Tangential Excision and Grafting
- Excision of burn tissue and replacement with autologous skin (autograft) is a cornerstone of burn reconstruction.
- Fundamental principles include:
- Excision of all dead tissue
- Adequate hemostasis
- Prevention of shear injury through fixation of the graft
- Significant blood loss can be expected and can challenge a resource-poor environment.
- Burn excision is typically not recommended for patients who can be transferred to a burn center within one to two weeks of their injury.
- Fundamental principles include:
- Positioning and preparation are discussed in the previous section.
- Adequate counter-tension is necessary to achieve optimal depth of excision:
- Areas that are not amenable to countertension (torso, large thighs) can be excised by picking up a small segment to bring it into the path of the blade or by having assistants apply local pressure sequentially around the borders of the excision (Figure 15).

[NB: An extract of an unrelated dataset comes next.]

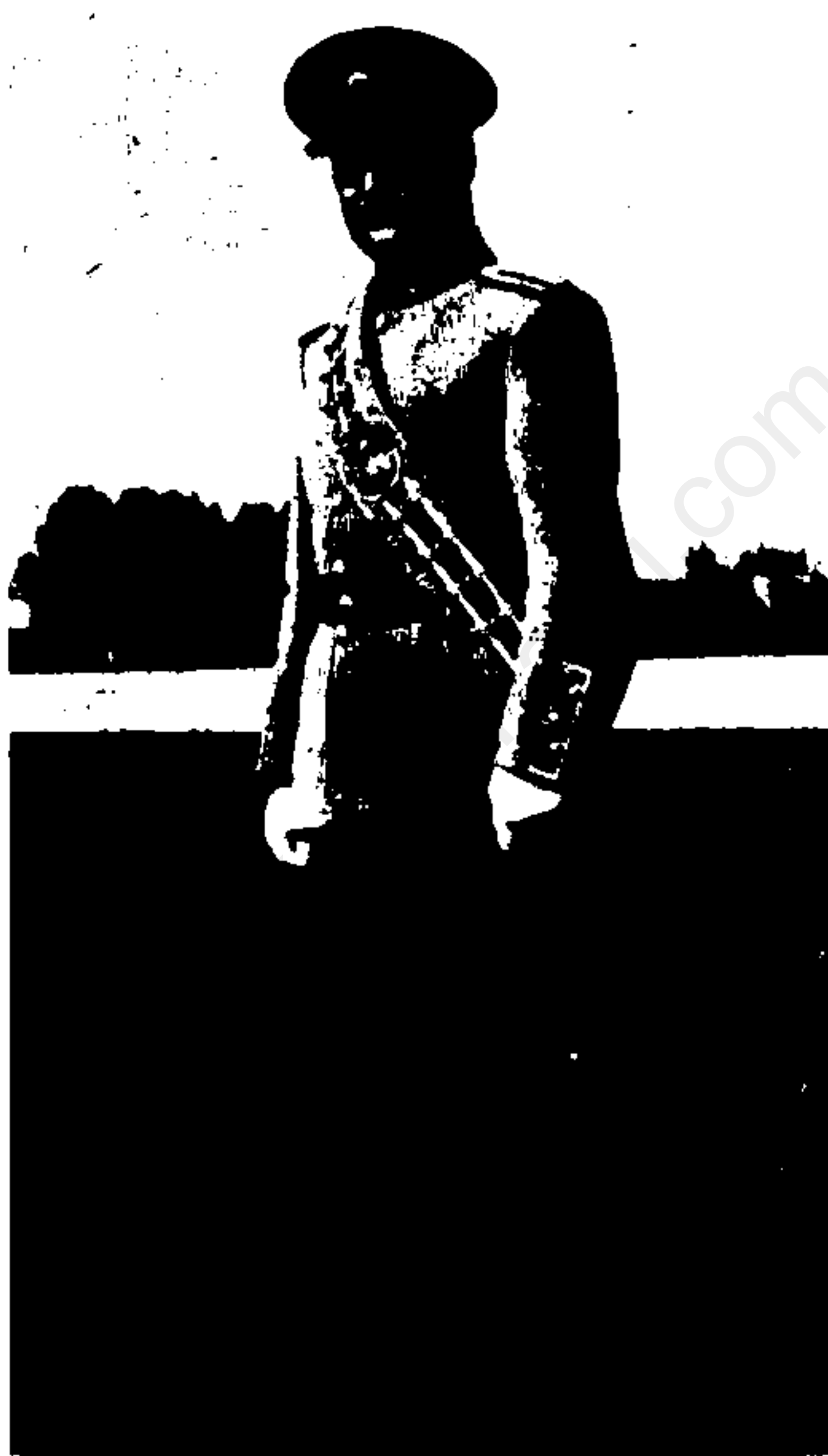
نفر موزيك دانشكده افسری

- A Weck or Humby knife (Figure 8) is held in the dominant hand (handle in the palm, loosely held by the fingers, with the index finger and thumb at the most proximal portion of the handle) and engages with the area of burn to be excised at approximate a 45° angle. Gentle, back and forth movements while progressing along the length of the wound result in excision of a uniform layer of tissue.

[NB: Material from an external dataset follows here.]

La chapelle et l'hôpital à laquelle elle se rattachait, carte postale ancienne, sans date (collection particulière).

- Once an area is completely excised, the wound bed should bleed uniformly if dermis is still present; if fat is visible, there should be no evidence of hemorrhage.

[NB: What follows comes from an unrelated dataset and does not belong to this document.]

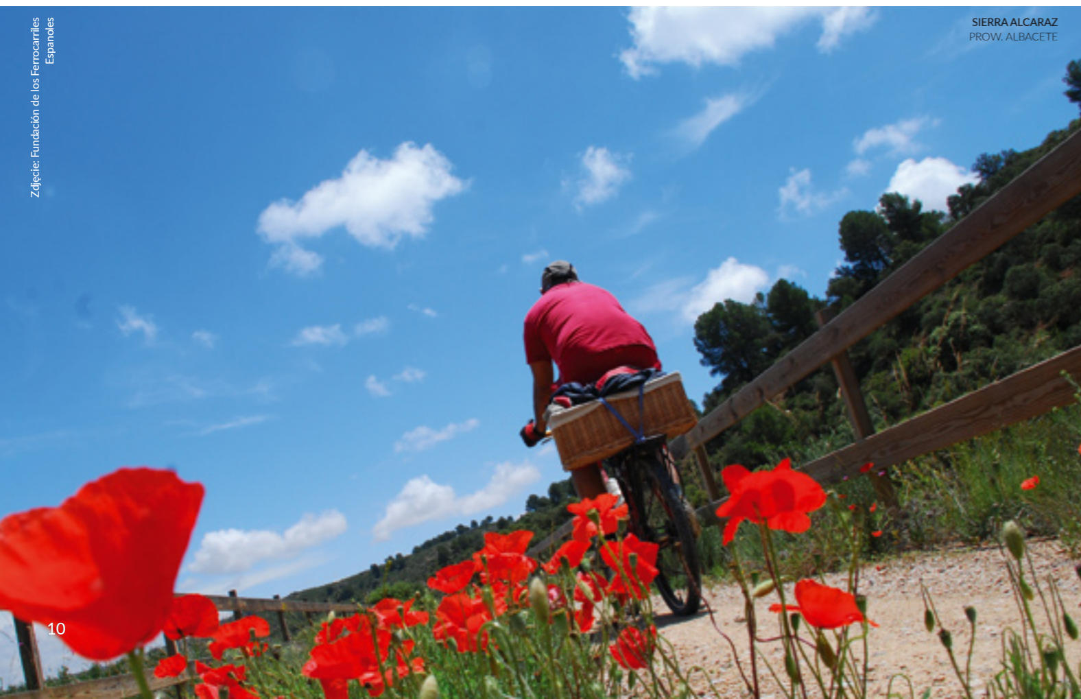
SIERRA ALCARAZ PROV. ALBACETE

- Note that if vessels underlying the dermis can be visualized and do not blanch (i.e., are clotted), the overlying dermis has been irreparably damaged and must be removed.
- Bleeding can be quite extensive during a large excision. Segmental excision with application of thrombin followed by wrapping with epinephrine-soaked gauze pads to provide pressure is advised.
- Once hemostasis is complete, skin grafts can be applied to the region requiring coverage.
- Split-thickness skin grafts are taken at a depth of 0.008 to 0.012 inches (approximately to the thickness of the beveled end of a 10 scalpel blade).
- Harvesting of skin can be done with any dermatome (Figure 16). Subdermal clysis of dilute epinephrine solution can make harvesting easier in some regions (the scalp in particular) but is not necessary.
- Once harvested, grafts can be applied directly (sheet graft) or meshed at ratios of 1.5:1 up to 6:1 (Figure 17). Smaller-meshed grafts are applied to areas of function (Figure 18), while broader-meshed grafts are useful for covering large areas (Figure 19).
- After application, it is important to fixate the graft to prevent shear injury (Figures 18–21).
- Absorbable sutures or staples can be used to decrease movement of the graft, but true fixation comes from a compressive dressing.
- Initially, nonadherent dressing layers are placed over the skin graft.
- A tie-over bolster dressing can be constructed by placing sutures at one inch intervals around the outer edge of the graft and using them to firmly tie down fluffed cotton that is laid over the top of the nonadherent dressing (Figures 19 and 20).
- Alternatively, negative-pressure wound devices can be used for graft stabilization (Figure 20) and are especially helpful for areas where movement is hard to prevent.